Task statement:
Note on the material below: return exactly the lines from the line that holds "The Supervisor Liability" through the line that holds "(540) 526-4206 grannyshandcraftingstudio@gmail.com", and leave out each picture.
Information START
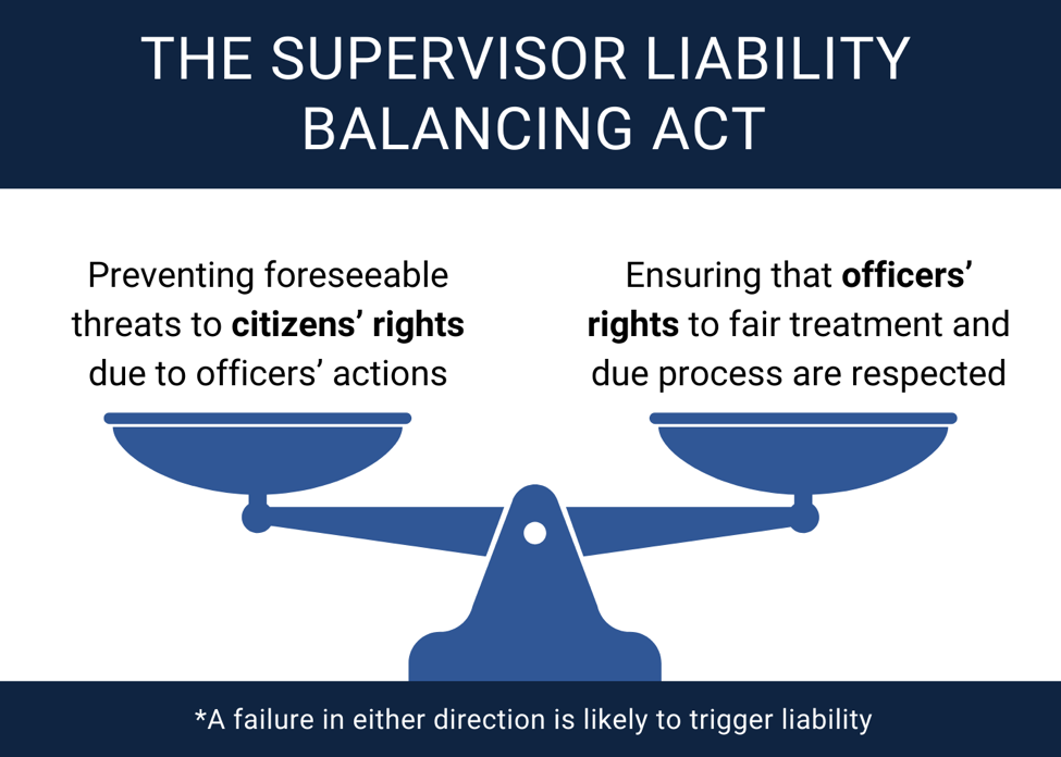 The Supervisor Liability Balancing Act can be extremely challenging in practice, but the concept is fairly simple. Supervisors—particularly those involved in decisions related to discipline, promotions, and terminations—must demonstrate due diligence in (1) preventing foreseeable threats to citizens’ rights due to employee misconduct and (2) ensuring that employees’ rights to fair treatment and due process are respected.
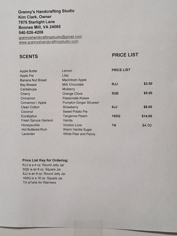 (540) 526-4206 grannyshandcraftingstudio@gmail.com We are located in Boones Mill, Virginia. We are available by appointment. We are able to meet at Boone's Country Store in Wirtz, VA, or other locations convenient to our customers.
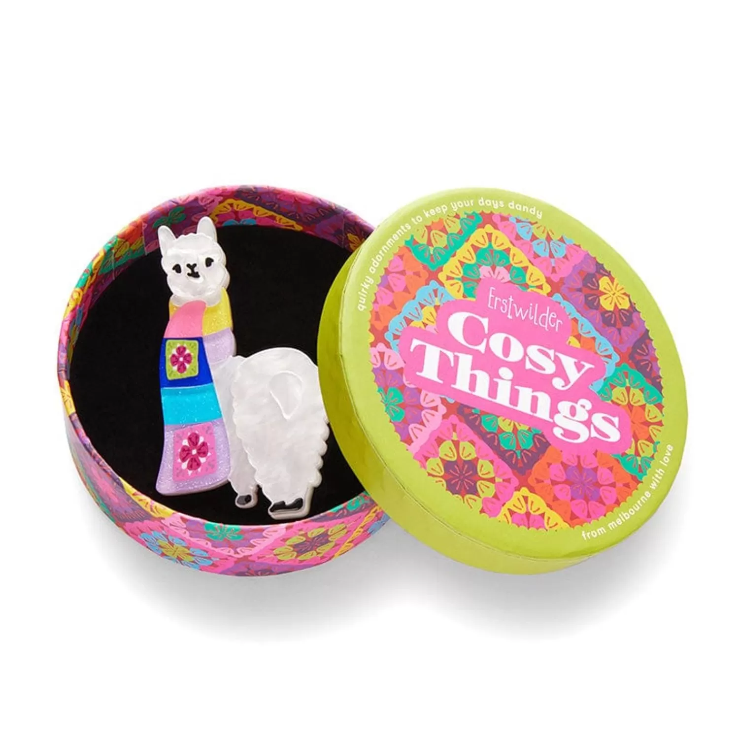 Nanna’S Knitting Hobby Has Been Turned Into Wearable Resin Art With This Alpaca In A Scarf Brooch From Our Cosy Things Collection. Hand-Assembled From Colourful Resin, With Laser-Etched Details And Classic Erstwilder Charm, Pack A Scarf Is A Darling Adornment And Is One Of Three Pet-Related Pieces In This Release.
Information END
Information START
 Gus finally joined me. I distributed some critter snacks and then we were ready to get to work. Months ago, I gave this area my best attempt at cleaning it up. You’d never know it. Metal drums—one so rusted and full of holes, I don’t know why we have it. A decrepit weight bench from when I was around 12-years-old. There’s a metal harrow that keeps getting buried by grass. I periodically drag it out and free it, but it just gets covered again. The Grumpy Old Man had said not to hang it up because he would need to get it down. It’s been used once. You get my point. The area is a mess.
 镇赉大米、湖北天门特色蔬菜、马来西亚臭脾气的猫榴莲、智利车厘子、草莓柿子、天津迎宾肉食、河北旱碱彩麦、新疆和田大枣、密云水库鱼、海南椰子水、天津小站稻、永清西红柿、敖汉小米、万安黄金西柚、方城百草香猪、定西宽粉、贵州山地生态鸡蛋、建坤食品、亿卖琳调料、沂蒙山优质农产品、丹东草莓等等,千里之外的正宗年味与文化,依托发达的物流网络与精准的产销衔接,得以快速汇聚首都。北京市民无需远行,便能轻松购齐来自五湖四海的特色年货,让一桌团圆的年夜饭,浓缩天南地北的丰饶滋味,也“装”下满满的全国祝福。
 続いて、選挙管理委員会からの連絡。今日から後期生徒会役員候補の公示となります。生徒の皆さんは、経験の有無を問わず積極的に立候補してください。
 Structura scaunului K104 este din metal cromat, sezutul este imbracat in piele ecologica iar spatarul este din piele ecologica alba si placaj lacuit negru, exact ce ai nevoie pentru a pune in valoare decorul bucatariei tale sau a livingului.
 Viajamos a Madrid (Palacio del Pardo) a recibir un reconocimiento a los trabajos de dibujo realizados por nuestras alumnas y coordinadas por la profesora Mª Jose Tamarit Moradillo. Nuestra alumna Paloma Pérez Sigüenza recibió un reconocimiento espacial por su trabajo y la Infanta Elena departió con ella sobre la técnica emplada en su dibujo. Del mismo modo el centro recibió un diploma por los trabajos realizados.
Information END
Result:
 The Supervisor Liability Balancing Act can be extremely challenging in practice, but the concept is fairly simple. Supervisors—particularly those involved in decisions related to discipline, promotions, and terminations—must demonstrate due diligence in (1) preventing foreseeable threats to citizens’ rights due to employee misconduct and (2) ensuring that employees’ rights to fair treatment and due process are respected.
 (540) 526-4206 grannyshandcraftingstudio@gmail.com We are located in Boones Mill, Virginia. We are available by appointment. We are able to meet at Boone's Country Store in Wirtz, VA, or other locations convenient to our customers.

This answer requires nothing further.